**Your task:** Would you transcribe the entries below, beginning at the line with "双屏电脑鼠标不能移到另一个屏幕(双屏电脑)" and ending after the line with "计算机科学学院本科教学工作审核评估学生工作实施方案", exactly, with no picture and nothing more?

Supplied data Block Start

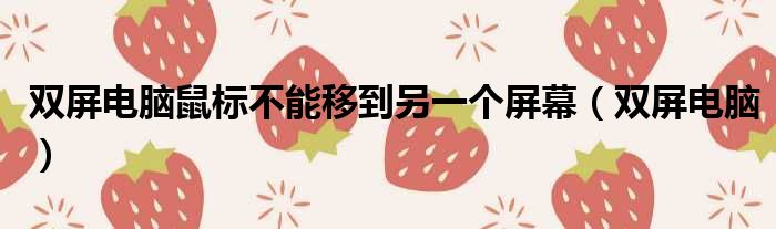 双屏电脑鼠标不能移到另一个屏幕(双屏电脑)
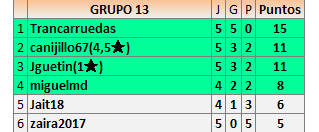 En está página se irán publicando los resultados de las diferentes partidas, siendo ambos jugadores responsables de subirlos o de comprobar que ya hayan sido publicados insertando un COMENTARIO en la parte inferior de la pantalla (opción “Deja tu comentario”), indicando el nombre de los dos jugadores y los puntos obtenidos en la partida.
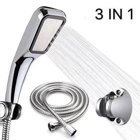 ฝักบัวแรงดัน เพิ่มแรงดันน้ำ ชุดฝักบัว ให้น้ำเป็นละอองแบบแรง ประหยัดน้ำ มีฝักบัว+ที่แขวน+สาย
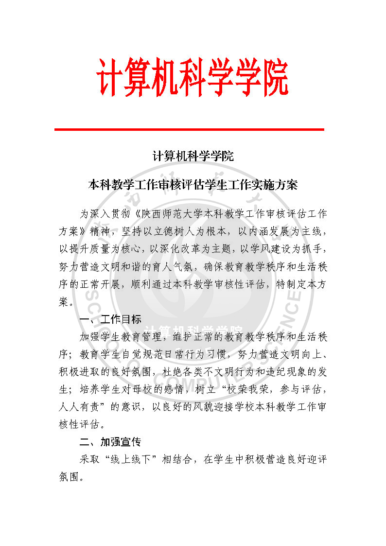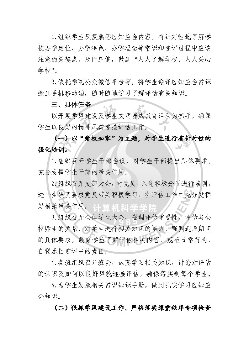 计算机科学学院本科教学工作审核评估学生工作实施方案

Supplied data Block End
Supplied data Block Start

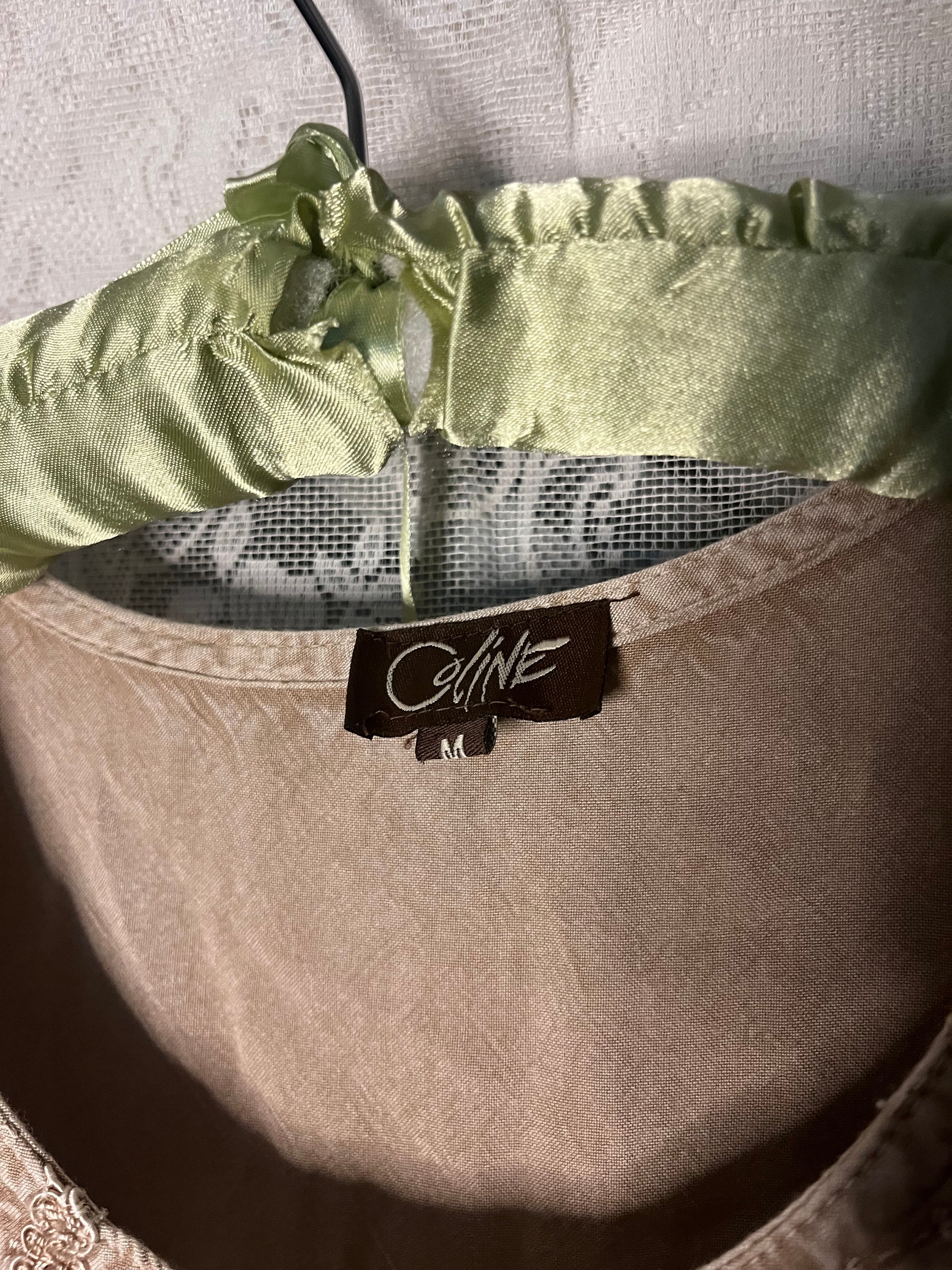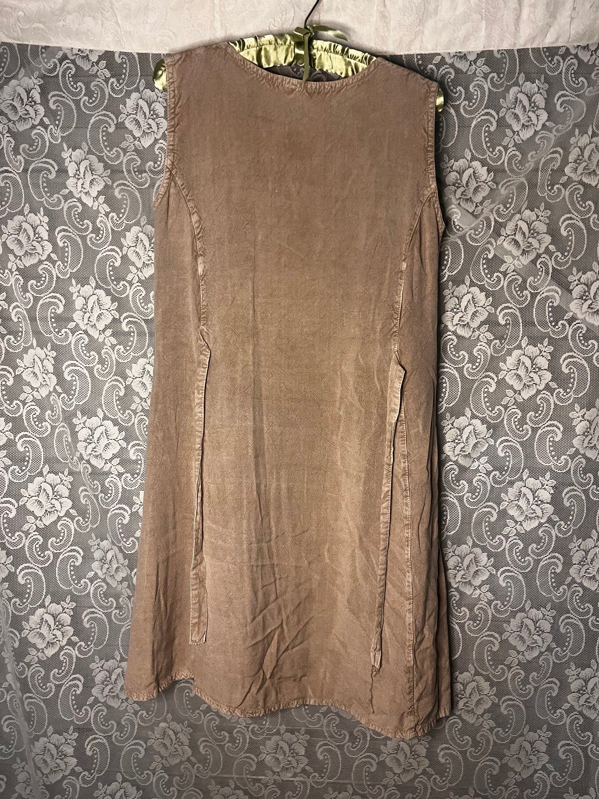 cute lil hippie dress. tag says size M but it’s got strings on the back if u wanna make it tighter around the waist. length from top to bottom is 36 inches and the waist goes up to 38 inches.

Supplied data Block End

**Reply:**
 双屏电脑鼠标不能移到另一个屏幕(双屏电脑)
 En está página se irán publicando los resultados de las diferentes partidas, siendo ambos jugadores responsables de subirlos o de comprobar que ya hayan sido publicados insertando un COMENTARIO en la parte inferior de la pantalla (opción “Deja tu comentario”), indicando el nombre de los dos jugadores y los puntos obtenidos en la partida.
 ฝักบัวแรงดัน เพิ่มแรงดันน้ำ ชุดฝักบัว ให้น้ำเป็นละอองแบบแรง ประหยัดน้ำ มีฝักบัว+ที่แขวน+สาย
 计算机科学学院本科教学工作审核评估学生工作实施方案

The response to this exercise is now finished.